Originally published in the January 2015 Journal of Commerce on-line
Last week, Women in International Trade in Orange County presented a half day program that featured speakers from Customs and Border Protection, the Food & Drug Administration, Consumer Products Safety Commission and U.S. Dept. of Agriculture. The luncheon speakers were two Assistant United States Attorneys. To anyone who has been paying attention to the actions of various government agencies, the message each speaker gave was not surprising. The two prongs of that message were know the rules and play by them. In other words, being compliant gets you a large measure of where you need to end up in order for your costs to be consistent and predictable.
Perhaps this point was driven home most of all by the two Justice attorneys. Both spoke about evaluating a potential target in part by the sense of whether or not that party is cooperating. Now, any lawyer worth his or her salt will tell you there are many shades of cooperation. The key is when and how you go about doing so.
Many times over the years, I have provided tips about how to deal with government agents when they visit your premises. The typical response is to ask for a written request and make sure you are only providing exactly what is requested – unless it is to your benefit to provide limited clarifying information. The two Justice attorneys were from the environmental crimes and national security sections. They were quite forthright in explaining they typically are only interested in going after bad guys. As such, many of the requests they make are designed to provide them with information to go after others than the party to whom the request is made. While that sounds somewhat comforting, it remains a fact, that companies are wise to be careful and precise about what they say and what they provide.
If you sell sensitive, military or dual use items, and your equipment ends up in the hands of terrorists, you can bet the company wants to figure out to whom it sold which items and would prefer to do so before rather than after information is given to Justice. At the same time, Justice needs that information quickly in order to stop the bad guys. How best to balance such strong and competing interests?

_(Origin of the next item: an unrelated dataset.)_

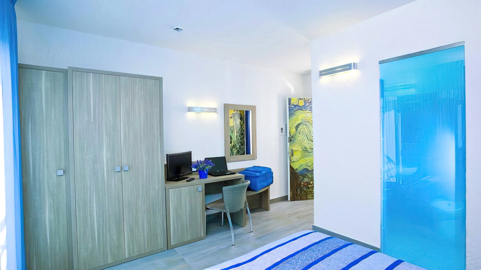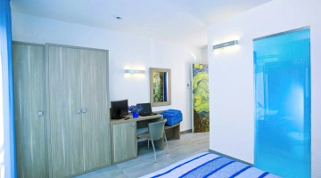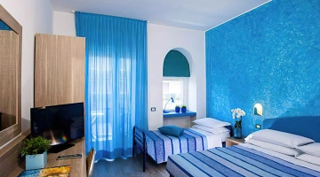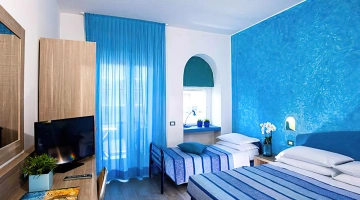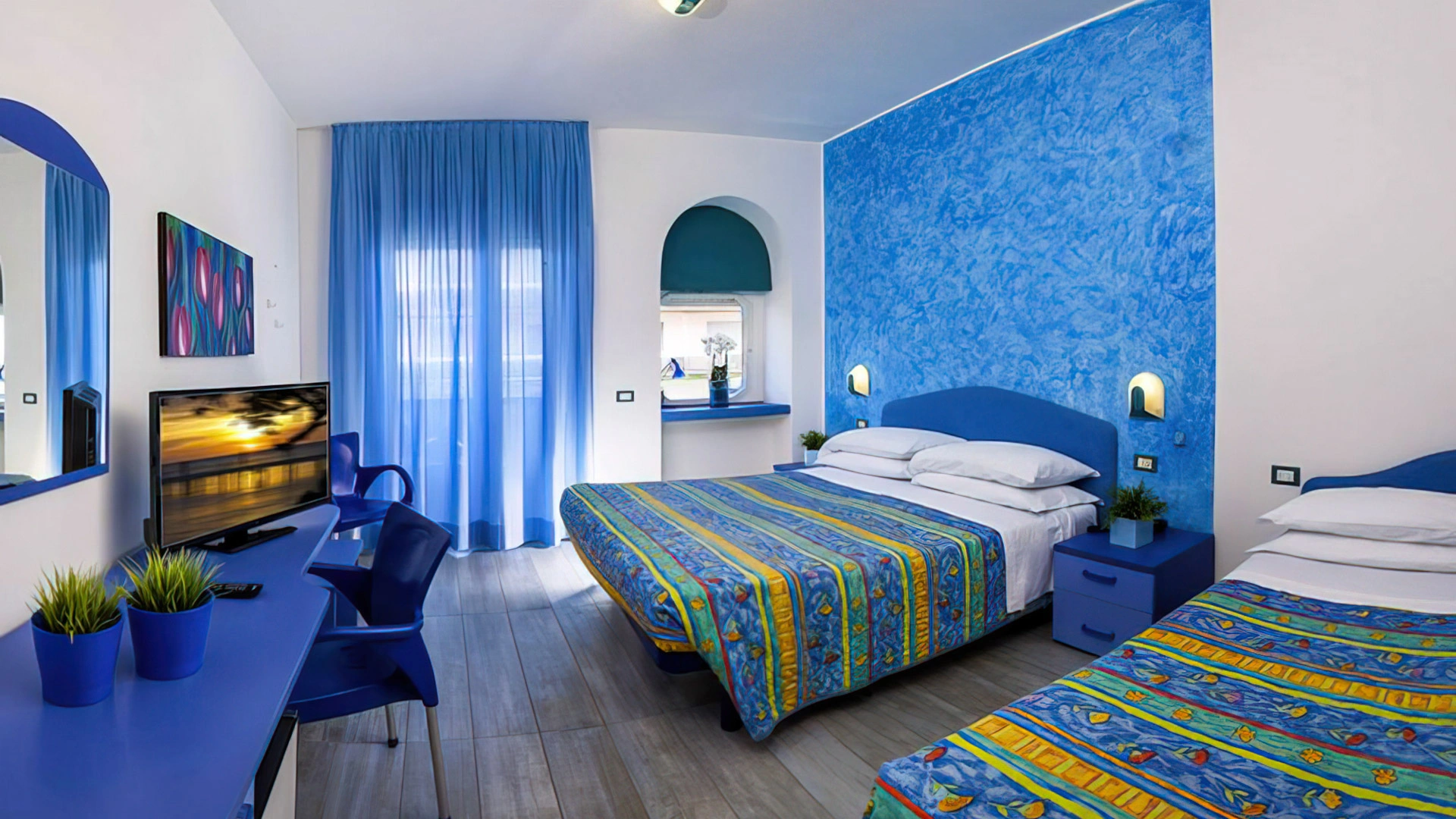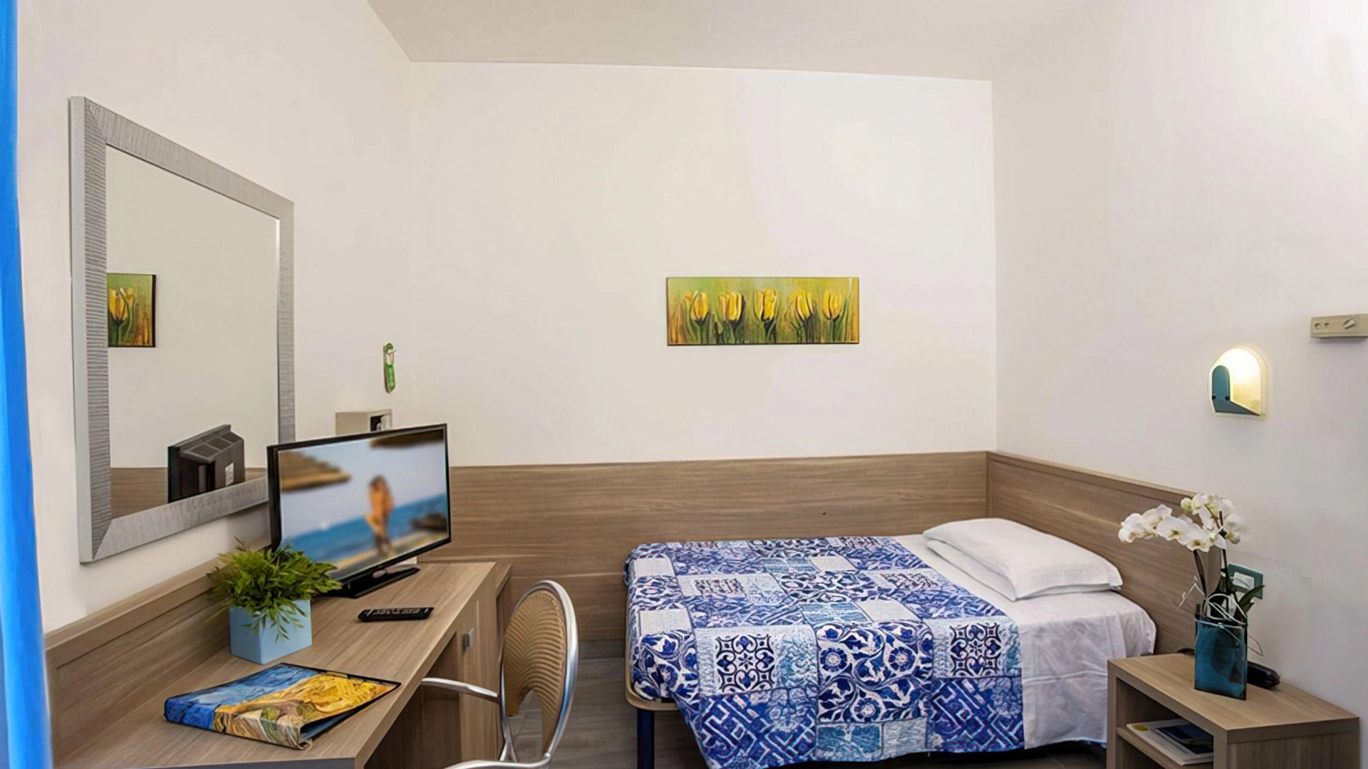 Le camere sono dotate di balcone, vista mare, aria condizionata, Wi-Fi fibra, TV, cassaforte, telefono, frigobar (rifornito con acqua), bagno con asciugacapelli e box doccia. Possibilità di room service e colazione in camera a pagamento.

Admittedly protecting endangered species is typically not as time-sensitive for purposes of deciding about a prosecution, companies are faced with the same dilemma. What do share with Justice and when? As an illustration of how not to handle the situation, take a look at what Gibson Guitar did when confronted by claims the wood it was using on some of its guitars was endangered. There is an old adage about don’t flunk the attitude test. Gibson’s CEO got on talk radio and other media and complained his company was being singled out. It must have been more than embarrassing when internal emails were disclosed making clear there were red flags present which appear to have been ignored. If you have any doubt, take a look at the settlement to which Gibson agreed and the extensive/intrusive nature of the mandated compliance program.
Given Gibson’s experience with endangered wood, it does not take a genius to figure out the pressures on a company will be exponentially greater if the issue is national security. This is especially true in the context where the question facing Justice is whether to charge a party, and if the answer is yes, should it be “just” the company or individuals as well? Over the years, many cases for a variety of crimes have been brought against only companies, a number of others against individuals, too, and some only against individuals. While each decision to prosecute turns on the facts and circumstances the case presents, the more knowing the conduct, the more likely an individual will be charged. At the same time, Justice attorneys have acknowledged hearing the complaints of the American public that no individuals were charged as a result of the financial meltdown of 2007/2008/2009. That having been said, a prosecutor often has the option of deciding whether the charge will be a misdemeanor or a felony and perhaps, in the end, that is the most critical for a person.
If a company has cooperated in a manner that does not compromise its rights, and has done so through professional and competent counsel, Justice will typically be far more reasonable to deal with than in circumstances where the company and its attorneys have thwarted Justice’s efforts at every turn. Now, let’s be honest and acknowledge that sometimes vigorous antagonism is the best option, especially in situations where Justice and/or the investigating agents are being too aggressive (and we should all remain mindful there are cases of prosecutorial overreaching), and, in the end, the level of cooperation a company gives is tied, at least in part, to how much Justice and the investigators explain about the nature of their inquiry. Companies also should keep in mind Chapter 8 of the U.S. Sentencing Guidelines which addresses the sentencing of organizations. It states, among other points, “the fine range for any [ ] organization should be based on the seriousness of the offense and the culpability of the organization”. The Introductory Comments go on to say: “[t]he two factors that mitigate the ultimate punishment of an organization are: (i) the existence of an effective compliance and ethics program; and (ii) self-reporting, cooperation, or acceptance of responsibility”. Note, there is no distinction drawn here between publicly traded and privately held companies.
In short, the more knowing the conduct, the more likely individual liability will result. The comments from all the speakers boiled down to know the rules and abide by them, and if you make a mistake, voluntarily disclose it. This is sound advice for all companies, but now is the time to also get real – financial pressures make people do dumb things! So, while cooperation with a government investigation may, in fact, be the best route to follow, management at any company, regardless of its size, cannot simply ignore red flags. Monday morning quarterbacking is simply too easy these days what with all the emails everyone writes!